Parsing of tmp buffers(?) breaks relative include handling

I have a setup.org file which I include in my notes files with #+setupfile: setup.org. This file lives in my root roam directory, and in subdirectories I include it with #+setupfile: ../setup.org. This works fine in normal operation.

Currently db builds don’t work, and I believe it is because. I believe it copies the contents of files to a tmp buffer without setting the current directory. This means that the relative link is no longer correct. At first glance I think it is working for base #+setupfile: setup.org includes (not sure thout)

I haven’t dived into the code yet or properly debugged, but some things I need to test are:

  • Does it work for #+setupfile: setup.org for notes in my base roam directory
  • Does it work if I specify the absolute path. (I don’t want to do this as a long-term solution as this path isn’t the same on all my machines
  • Investigate how parsing of files works and how it switches directories and manages tmp buffers etc.
  • I noticed that there have been several PRs merged modifying how updates are handled so I might do a bisect to see where this occured.

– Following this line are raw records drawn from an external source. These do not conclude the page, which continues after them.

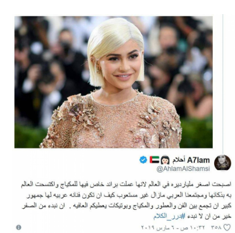 فقد علقت على أحد الحسابات التي نشرت الخبر على موقع "تويتر" بتغريدة جاء فيها: "أصبحت أصغر مليارديرة في العالم لأنها عملت "براند" خاص فيها للمكياج واكتسحت العالم به، بذكائها".
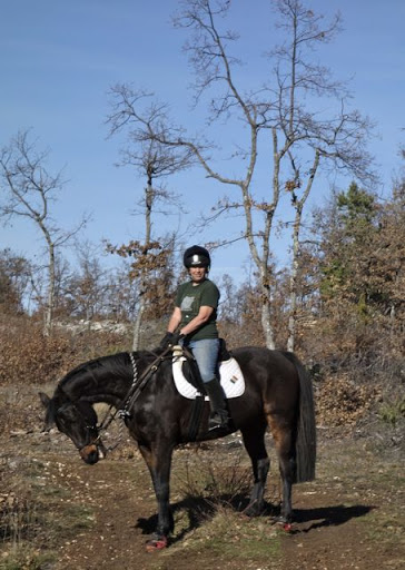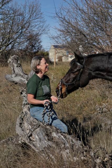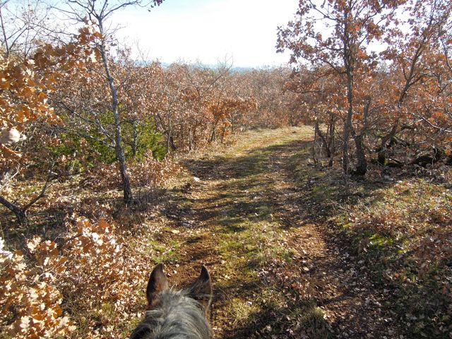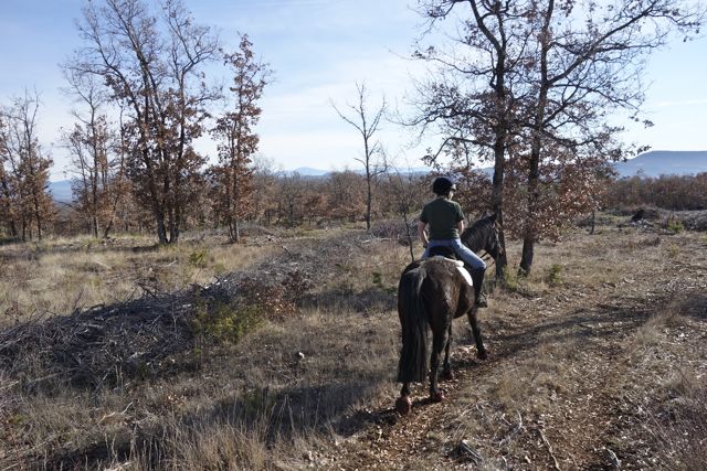 When we got to the top of the last ascent near the farm, we dismounted and let the horses graze. We also removed their bits – it’s easy to do with the Micklem bridle, and it’s something I want to get into the habit of doing when they are given permission to graze. I got lazy and sat on a log, and Aero was checking me out for carrots rather than grazing at first, but he got the idea eventually!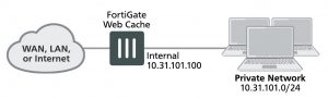 This example includes a client network with subnet address 10.31.101.0 connecting to web servers on the Internet. All of the users on the private network access the Internet though a single general security policy on the FortiGate unit that accepts all sessions connecting to the Internet. Web caching for HTTP and HTTPS traffic is added to this security policy.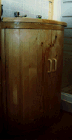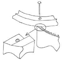 Once both doors have been satisfactorily shaped, it is time to attach them to the frame. The doors use hidden hinges, rather than ruining the shape of the overall unit by having hinges jutting out. Indeed, the hinges are very, very basic: they are long bolts. Position the door into place and then drill a hole straight down through the top frame and into the top of the door. A long bolt (4" or more) is then placed into this slot, thus attaching the door to the frame. This is repeated for the bottom of the frame/door to form a hinge at both the bottom and top of the door. Note: it is very important that the top and bottom hinges match up very, very accurately. If they do not, the door will not open smoothly. To ensure that this is done correctly, ensure that the frame is on a flat surface, and then use a plumb line from the top hole to mark the bottom hinge hole.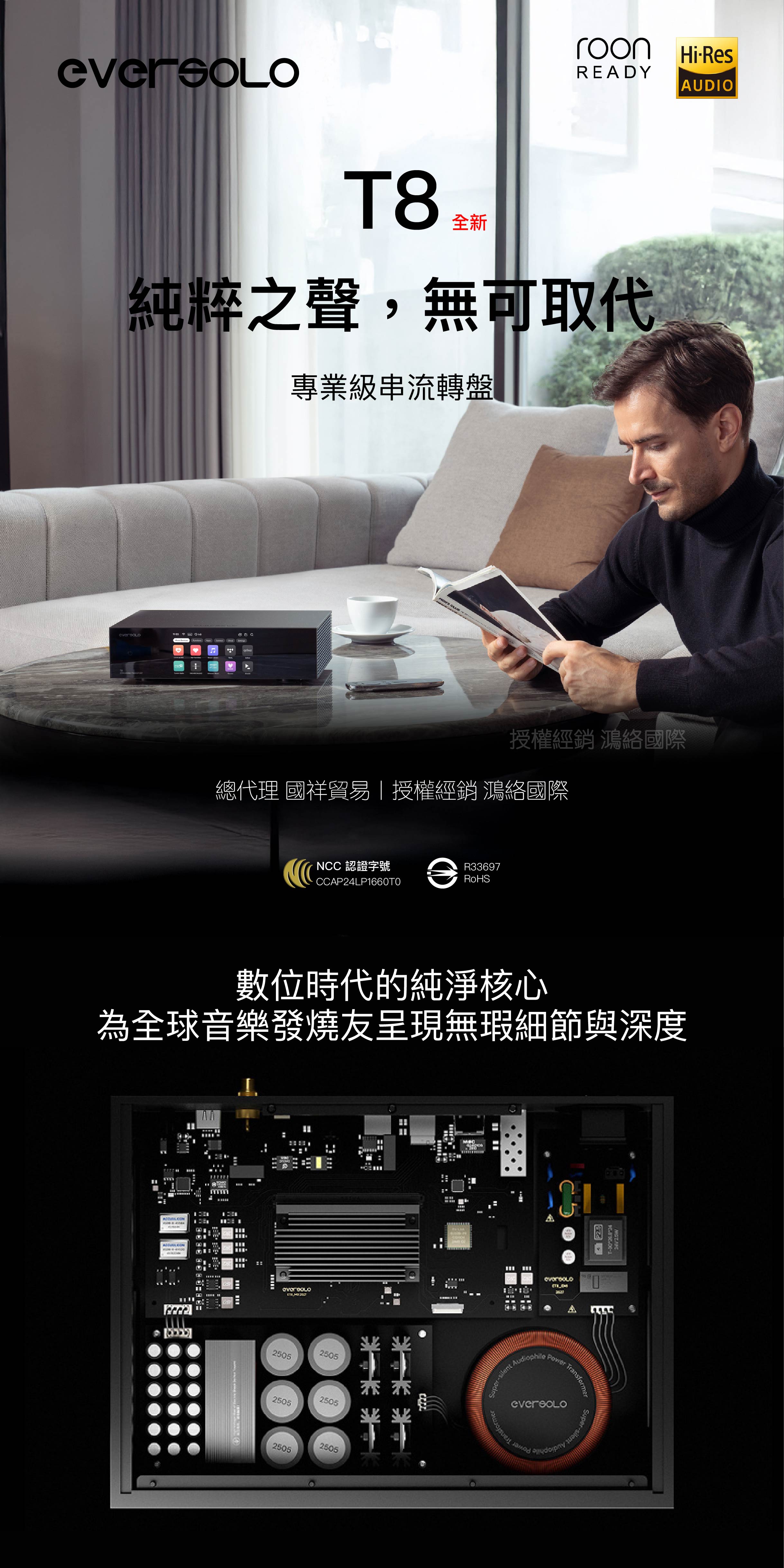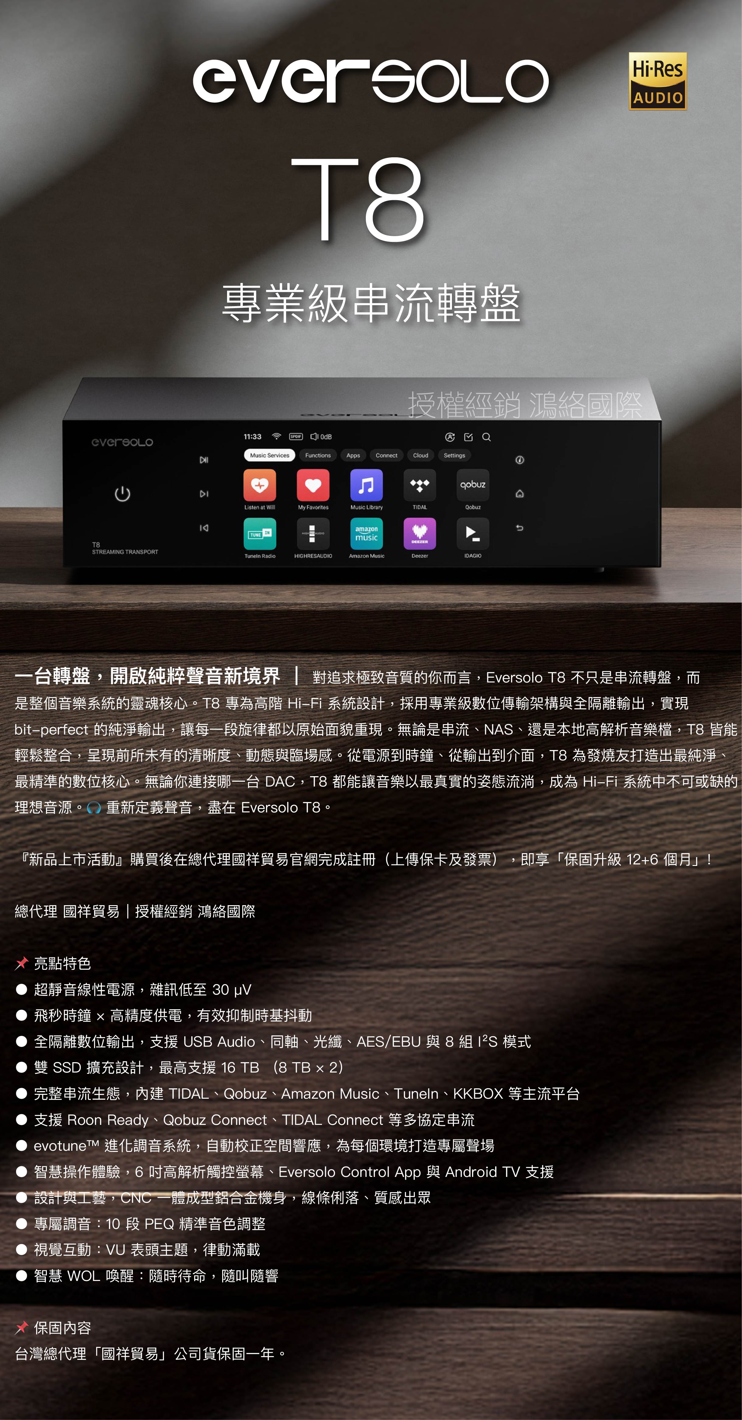 Eversolo T8 — 專業級純數位串流轉盤,飛秒時鐘與超低雜訊線性電源,重塑音樂純淨之美。支援 TIDAL、Qobuz、Apple Music、Roon Ready 與 evotune™ 空間校正。

I suspect this could be fixed by changing the current working directory when parsing tmp buffers, but I’ll need to dive in.

Has anyone else had an issue similar to this? My current workaround is to copy setup.org into each of my subdirectories, and this seems to be working ok.

I used to have relative links in #+setupfile: for a long time. The Org-roam database built fine but during interactive capture sessions I always had warnings, something like “could not find setup file” emanated by Org-mode in temporary capture buffers. It annoyed me a lot and I switched to absolute paths perhaps a month ago. So the behaviour you describe has probably been introduced relatively recently.

By the way, I’d argue you, you can have different file paths on different machines and still be able to use absolute file paths everywhere in Emacs. By means of symlinks.

Machine A: /absolute/path-A/to/my/files/
Machine B: /absolute/path-B/to/my/files/

On both machines create symbolic links /my/symlink/path/to/my/files/ pointing to the respective locations, and use the symlink paths in your config and Org-mode files. This may require patience because you’ll need to figure packages or parts of your Emacs config which need real paths and adjust the respective bits with file-truename or directory-abbrev-alist. In most situations this won’t be necessary though. This is just a suggestion, I haven’t tried such a setup across different machines. On the other hand, I heavily rely on symbolic links, org-directory including, on my single computer and they seem to work so far.